I think it's all fake. I havet seen nothing but birds, ants


----------



## Horsy (Jan 14, 2007)

I've seen a herd of zebras and two buffalo.


----------



## redline (Jan 14, 2007)

when


----------



## Horsy (Jan 14, 2007)

About an hour ago. They were on the screen for ages.


----------



## slim6y (Jan 14, 2007)

was probably people dressed in zebra suits...


----------



## Horsy (Jan 14, 2007)

Pretty convincing costumes.


----------



## redline (Jan 14, 2007)

slim6y said:


> was probably people dressed in zebra suits...





I think so


----------



## slim6y (Jan 14, 2007)

Horsy said:


> Pretty convincing costumes.



With a bit of make up, some cheap labour and a bit of black paint you can make anyone up to look like a zebra, specially on a semi low quality webfeed


----------



## leighroyaus (Jan 14, 2007)

that webcam made me fall asleep at my ocpmuter


----------



## Snake Catcher Victoria (Jan 14, 2007)

does africa really sound like this,its amazing,id love to be able to identify the animals by their sounds,
im sure i heard a warthog earlier


----------



## mitchdiamond (Jan 14, 2007)

I have been watchin for 20mins but have only seen birds.


----------



## JandC_Reptiles (Jan 14, 2007)

leighr33 said:


> that webcam made me fall asleep at my computer



Me too and I awoke with lkjhgfdsawertyu imprinted on my forhead


----------



## redline (Jan 14, 2007)

I see bigfoot


----------



## grimbeny (Jan 14, 2007)

Look Now


----------



## grimbeny (Jan 14, 2007)

Its those bison or buffalos or watever


----------



## redline (Jan 14, 2007)

haha thats some1 backyard.


----------



## grimbeny (Jan 14, 2007)

Haha it is.


----------



## nickvelez (Jan 14, 2007)

someones fiddlin with the camera - look at all those gnus-wildebeast
sounds great!


----------



## Horsy (Jan 14, 2007)

Not so fake now is it.


----------



## Horsy (Jan 14, 2007)

Aww look at the baby wildebeast


----------



## redline (Jan 14, 2007)

Back 2 the water again. lol


----------



## mitchdiamond (Jan 14, 2007)

Did any of you see the lion drinking


----------



## Horsy (Jan 14, 2007)

Noooo.
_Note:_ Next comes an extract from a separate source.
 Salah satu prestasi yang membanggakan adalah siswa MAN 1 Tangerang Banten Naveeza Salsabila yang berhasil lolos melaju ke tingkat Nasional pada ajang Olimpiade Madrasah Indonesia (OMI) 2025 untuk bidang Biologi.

Dammit


----------



## mitchdiamond (Jan 14, 2007)

Yeah it was a sub-adult male


----------



## Horsy (Jan 14, 2007)

Awesome. I'm lovving this Thompson's Gazelle invasion. I wish there was a Croc in the lake. Haha. That'd be some hardcore entertainment.


----------



## mitchdiamond (Jan 14, 2007)

yeah it would
wish I saw a reptile


----------



## mitchdiamond (Jan 14, 2007)

I just saw a herd of some kind of deer or antalope


----------



## Horsy (Jan 14, 2007)

Thompson's Gazelle.


----------



## slim6y (Jan 14, 2007)

pk.. you're all lying.. i see a tree... wait.. three trees.... wait i see... no.. damn..... sorry... i think patience is a virgin - and I don't know if I have that kind of time... still, a cool link thanks!!!


----------



## hornet (Jan 14, 2007)

i see the grass moving


----------



## slim6y (Jan 14, 2007)

Stop lying hornet... i think it's someone playing a nasty trick on us... it's their algae'd up swimming pool in their back yard... those antelope things you're seeing are people dressed in antelope things fancy dress costumes... It's a have I tell ya...
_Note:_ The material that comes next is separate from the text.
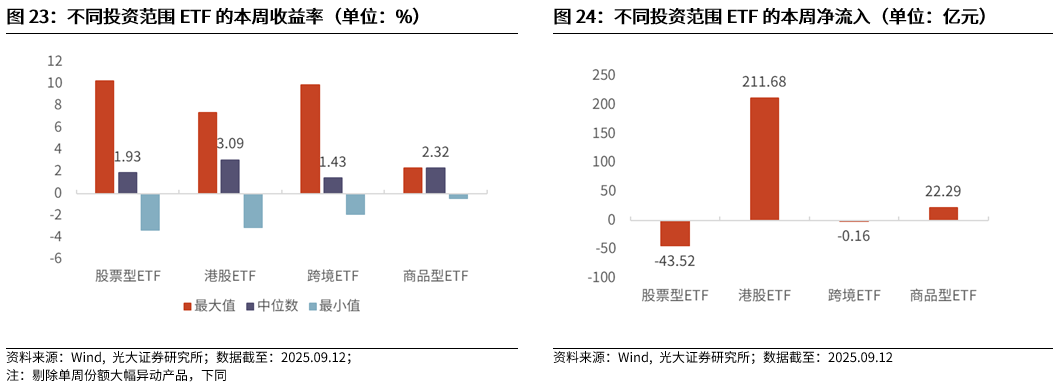 股票型ETF本周收益中位数为0.94%,资金净流入364.66亿元。跨境ETF本周收益中位数为-0.80%,资金净流入16.31亿元。港股ETF本周收益中位数为-1.89%,资金净流入83.95亿元。商品型ETF本周收益中位数为3.17%,资金净流入30.38亿元。

I'm just going back for another look now...


----------



## hornet (Jan 14, 2007)

lol


----------



## da_donkey (Jan 15, 2007)

i saw a bug....yay


----------



## Jozz (Jan 15, 2007)

there's a lion drinking now!


----------



## Scotth (Jan 15, 2007)

People wearing cats suits are drinking again!!


----------



## IsK67 (Jan 15, 2007)

a cat of some sorts


----------



## richard70au (Jan 15, 2007)

I saw the paddle pop lion, lol
No it is an interesting site, I did see some monkeys but they moved the camera before I could say what type they where.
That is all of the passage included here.